Consumer/Gaming Class¶
Name	TFlops	Memory (GB)	Memory Bandwidth (GB/s)	NVLink N	ECC
RTX 5090	106.1	32	1792	0	n
RTX 4090	82.6	24	1008	0	n
RTX 3090 Ti	40	24	1008	2	n
RTX 3090	35.7	24	936	2	n
RTX 5080	56.8	16	960	0	n
RTX 4080	48.7	16	717	0	n
RTX 5070 Ti	43.9	16	896	0	n
RTX 5060 Ti (16GB)	23.7	16	448	0	n
RTX 4070 Ti	40.1	12	504	0	n
RTX 3080 Ti	34.1	12	912	0	n
RTX 5070	30.9	12	672	0	n
RTX 3080	29.8	12	912	0	n
RTX 3060	12.7	12	360	0	n
RTX 5060 Ti (8GB)	23.7	8	448	0	n
RTX 3070 Ti	21.7	8	608	0	n
RTX 3070	20.4	8	448	0	n
RTX 5060	19.2	8	448	0	n
RTX 3060 Ti	16.2	8	448	0	n
RTX 3050	9.1	8	224	0	n

Note

A Note on Specialized AI Hardware (e.g., DGX Spark)

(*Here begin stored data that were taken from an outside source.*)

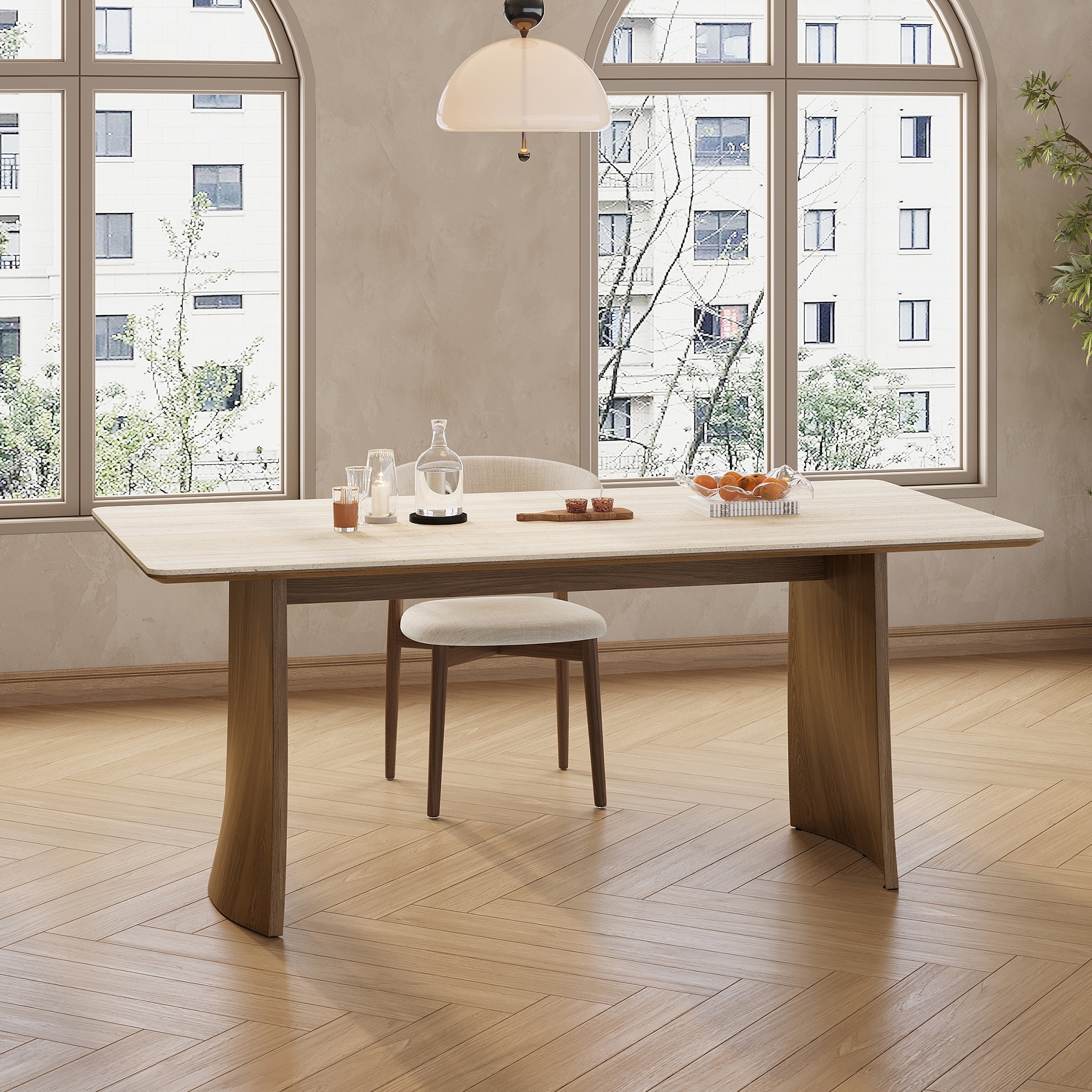 71"Mid-Century Modern Dining Table For 6, Retangular Kitchen Table With Beige Travertine Sintered Stone Top
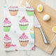 Cute little cupcakes decorate this great kitchen towel. In colors of pink, green, blue, and yellow this towel matches anything. You customize the text at the bottom.
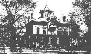 The house was built by John Drew for John Dahms in 1871. He lost his fortune and was forced to sell the house in a sheriff's sale in 1880 to Frank H. Miller, a wholesale grocer.[2] He had been Davenport's largest wholesale grocer and jobber from the Civil War to the turn of the 20th century.[3]
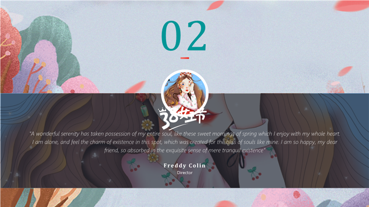 PPT简介: 时尚魅力女性女神节宣传活动ppt模板,青色、红色搭配为主,整体界面插画风格,适用于女生节、37女生节、女生节晚会、大学女生节、感恩母亲、妇女节班会、三八妇女节主题班会、38妇女节、歌颂女性、三八妇女节、女王节、女神节、三八节活动营销、38节活动策划、女王节等相关主题设计应用。主体文字及图片可替换修改,文字修改均可直接点击文本框进行编辑,图片更改可选中图片后单击鼠标右键插入更换图片,也可根据自身需求增加和删除。本作品提供PPTX格式文件,转载请注明出处!
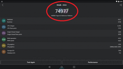 И вот теперь неизвестное устройство на Tegra X1 установило рекорд в AnTuTu, показав результат в 74 977 баллов. В 3D-графике процессор набрал чуть больше 21 000 баллов, увеличив в два раза результаты 64-битной версии чипсета Tegra K1 и его 32-битной разновидности, которые в прошлом году показали 10 994 и 10 339 соответственно.
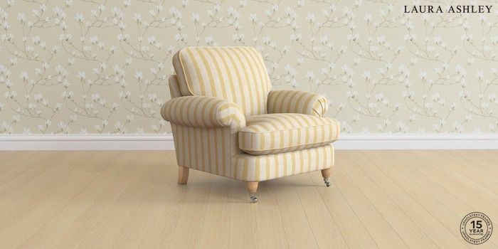 7.3.1 Buy Beaumaris by Laura Ashley Armchair Kinsham Stripe Ochre Yellow Low Chrome Castor - Light Oak from the Seasons online shop Click here to use our website with more accessibility support, for example screen readers
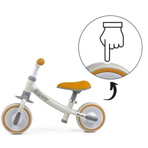 Ergonomický dizajn kolesa zaisťuje odolnosť a pohodlie. Bicykel je určený pre dlhodobé používanie malými deťmi a vďaka nízkej hmotnosti sa ľahko prenáša.
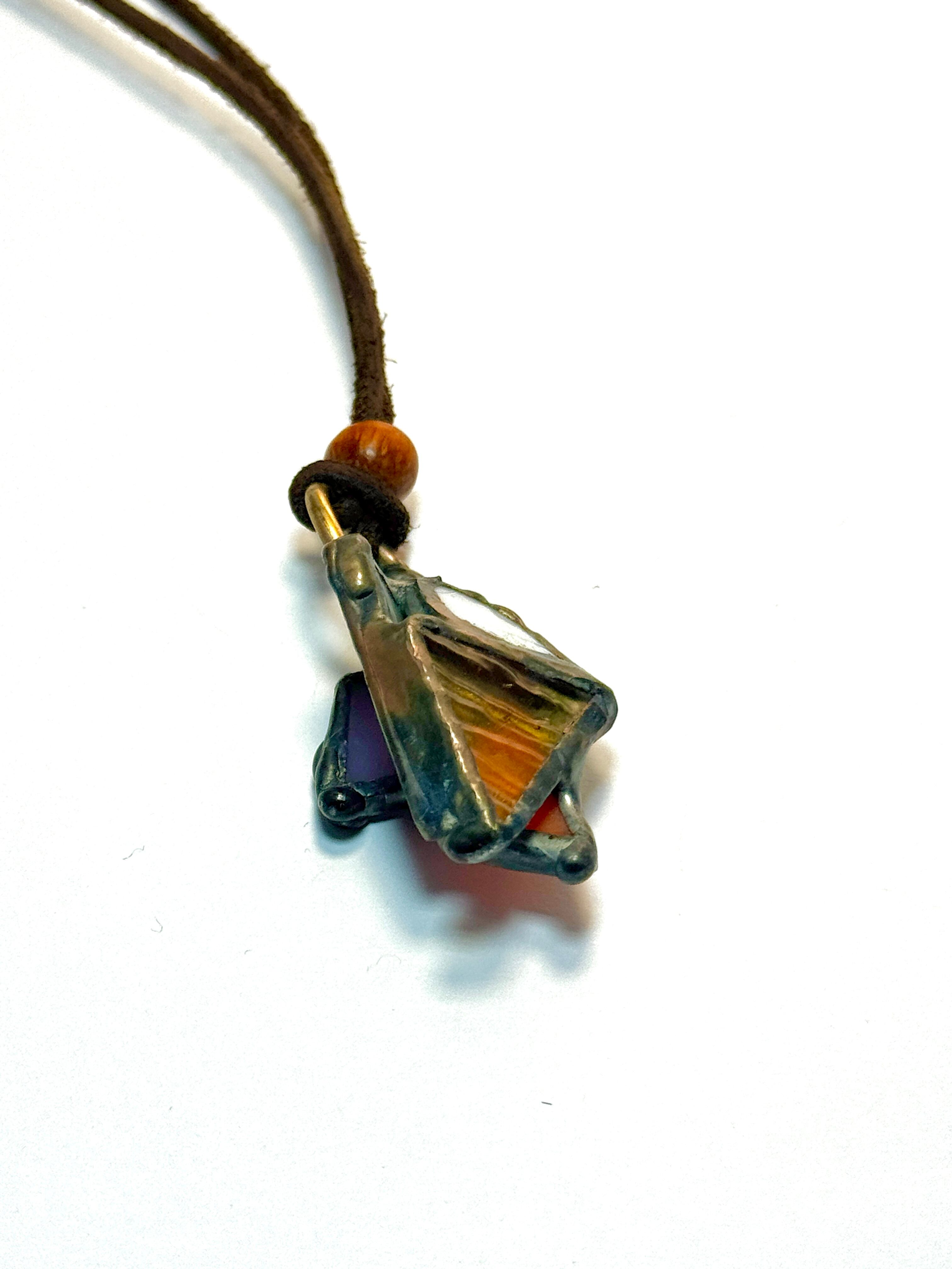 小さく加工したガラスを5枚とハンダを使って、インスピレーションで立体化させてあります。
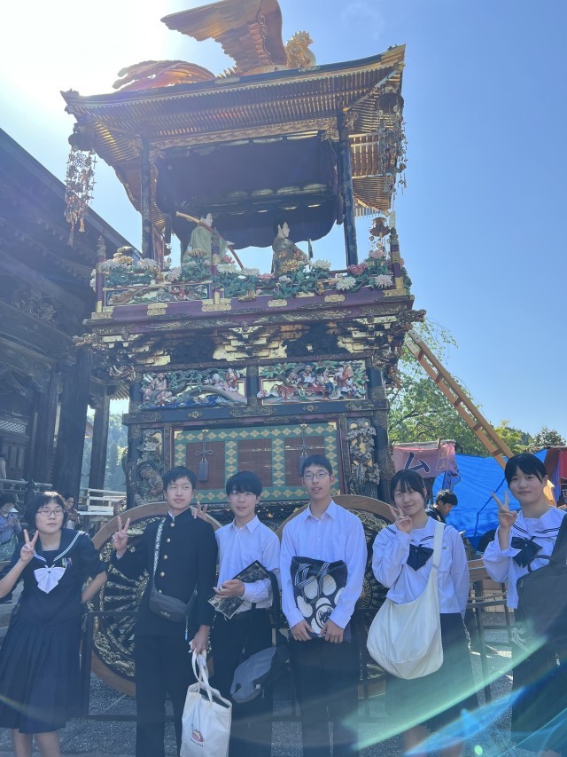 今日は八尾の一大行事、曳山祭りです。3学年からは「八尾をプロデュース」の一環として、曳山祭りをより詳しく知ろうと、案内部の生徒が参加しています。この後、曳山について詳しく教えていただきます。
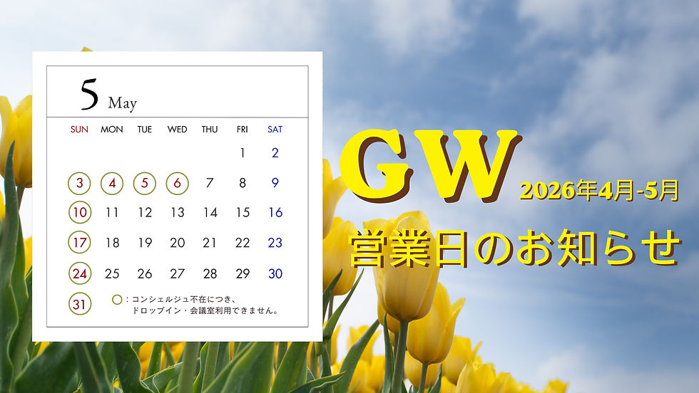 下記日程は一部のフレックス法人会員様、ドロップイン、貸し会議室、内覧、各種お問い合わせをご利用いただけませんので、ご了承ください。
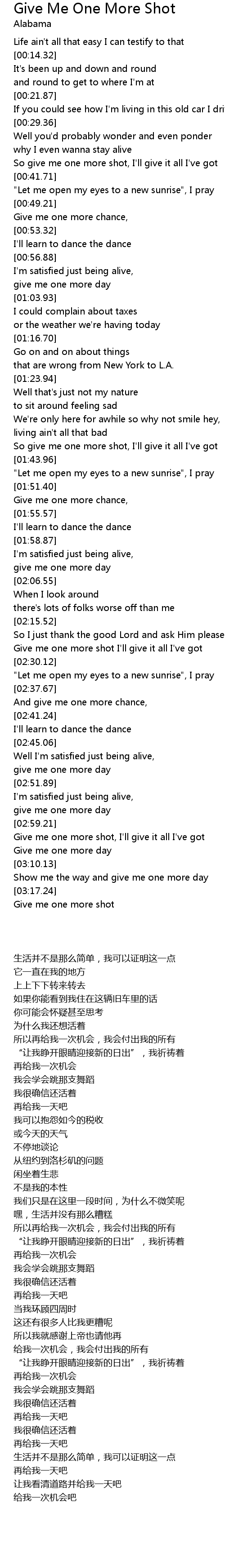 Give me one more shot I'll give it all I've got |
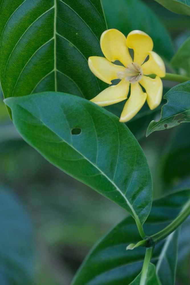 シーズンの終わり(と言っても2ヶ月毎に咲いているのですが。😅)咲き残ったキバナクチナシ。白く咲いて黄色く色づいてオレンジ色になります。朝だったので色が薄いですね。
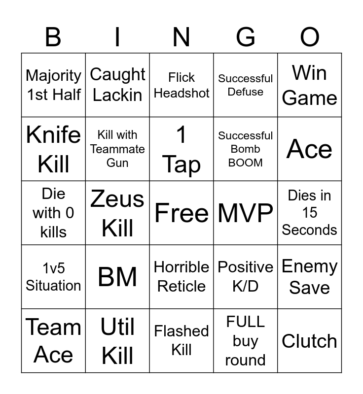 This bingo card has a free space and 24 words: Team Ace, BM, 1 Tap, FULL buy round, Win Game, Majority 1st Half, Caught Lackin, Flick Headshot, MVP, Dies in 15 Seconds, Die with 0 kills, Kill with Teammate Gun, Positive K/D, Enemy Save, Knife Kill, Util Kill, Flashed Kill, Successful Defuse, Ace, 1v5 Situation, Zeus Kill, Horrible Reticle, Successful Bomb BOOM and Clutch.
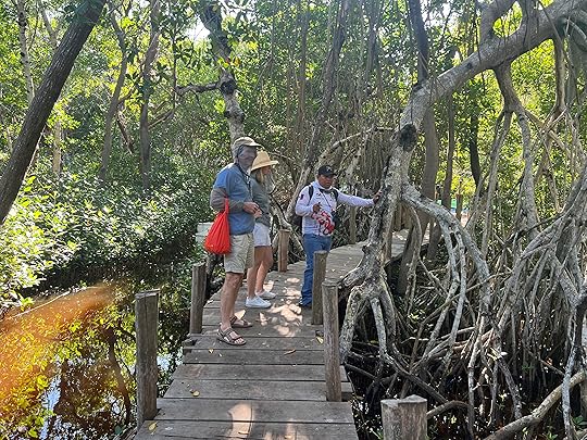 Our guide speaks good English and he is soon silently – save for the occasional splash of the punt-pole – easing us along through the creeks, in-between the tangled mangrove roots. It takes a while to get our eyes in but soon we are spotting herons of all types, kingfishers, a large black eagle, and even some baby crocs sunning themselves on the bank.
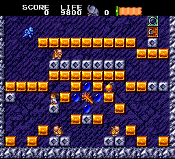 Single screen puzzler. The core mechanic is the ability to build or destroy blocks. Enemies can be killed only by removing a block from below them. It's basically Kickle Cubicle as a platformer but without the ability to directly kill enemies. That last part about not killing enemies is this game's Achilles heel, but we'll talk about that in the level design section. An oppressive timer means that you can't take your time to noodle over how to solve a room. It's a speedrun the full time. Laggy controls. Feels like the mid-80's arcade game that it is. Also, jump is accomplished via pressing up on the dpad, which makes it hard to make precise jumps. Jump and move laterally at the same time is a pain. The 2 button is reserved for attacks which are almost never available. This makes platforming awful.
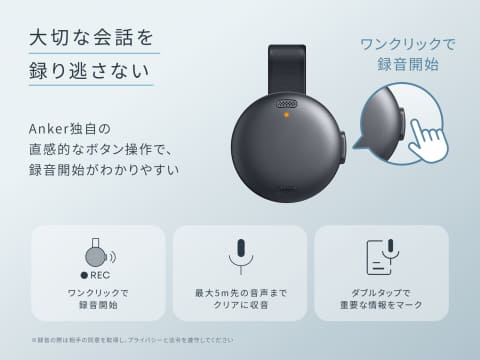 アンカー初のAIレコーダー「Soundcore Work」 約10gで文字起こし・要約対応
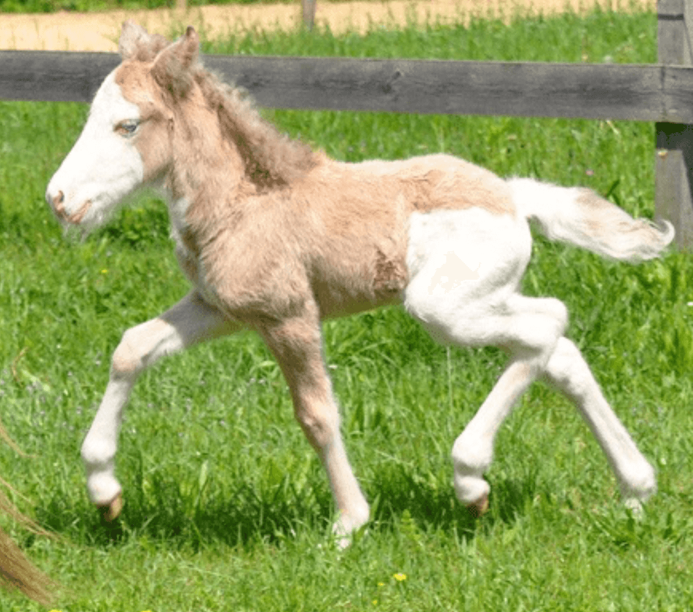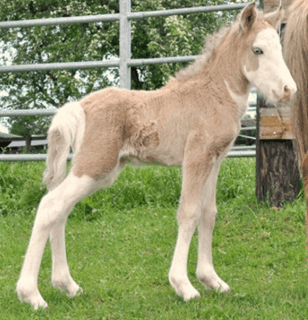 Bovendien bezit hij ook nog 50% Crème-gen en 50% Zilverappel-gen.
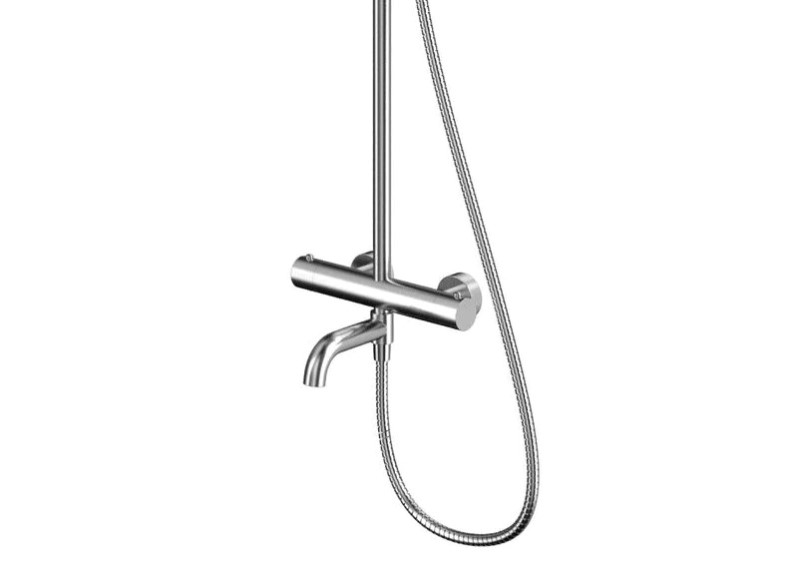 В комплекте: смеситель-термостат, душевая штанга, верхний душ, кронштейн для верхнего душа, ручной душ, душевой шланг, держатель для ручного душа. |

While users may encounter new desktop systems like the NVIDIA DGX Spark (powered by the GB10 Superchip) marketed with high “PetaFLOP” performance, these systems are not recommended for M-Star CFD. This hardware is highly optimized for low-precision AI inference (e.g., FP4) and not the single-precision (FP32) floating-point compute that is critical for CFD simulations. The GB10’s actual FP32 compute is only ~31 TFlops—comparable to a consumer-grade RTX 5070—and its unified memory architecture, while large, offers exceptionally low memory bandwidth (under 300 GB/s). M-Star workloads are often memory-bound and require high TFlops for good performance- the DGX Spark may be poor price-performance choice that would create a significant computational bottleneck.

CPU¶

M-Star CFD is not a CPU-bound process. This selection is left to the user.

System Memory¶

We recommend 1.5–2x the amount of total GPU memory in the machine. For example if you have two GPUs with 48GB of memory each, you would multiply that by two and get 96GB for the system memory. ECC memory should be preferred for shared workstations and server class hardware.

Disk Storage¶

The requirements for disk storage can vary wildly depending on how a simulation is configured. A good starting point is to have 1–2TB of working storage for M-Star. This should be fast storage, preferably local SSD-based storage to optimize the write speed of large output files.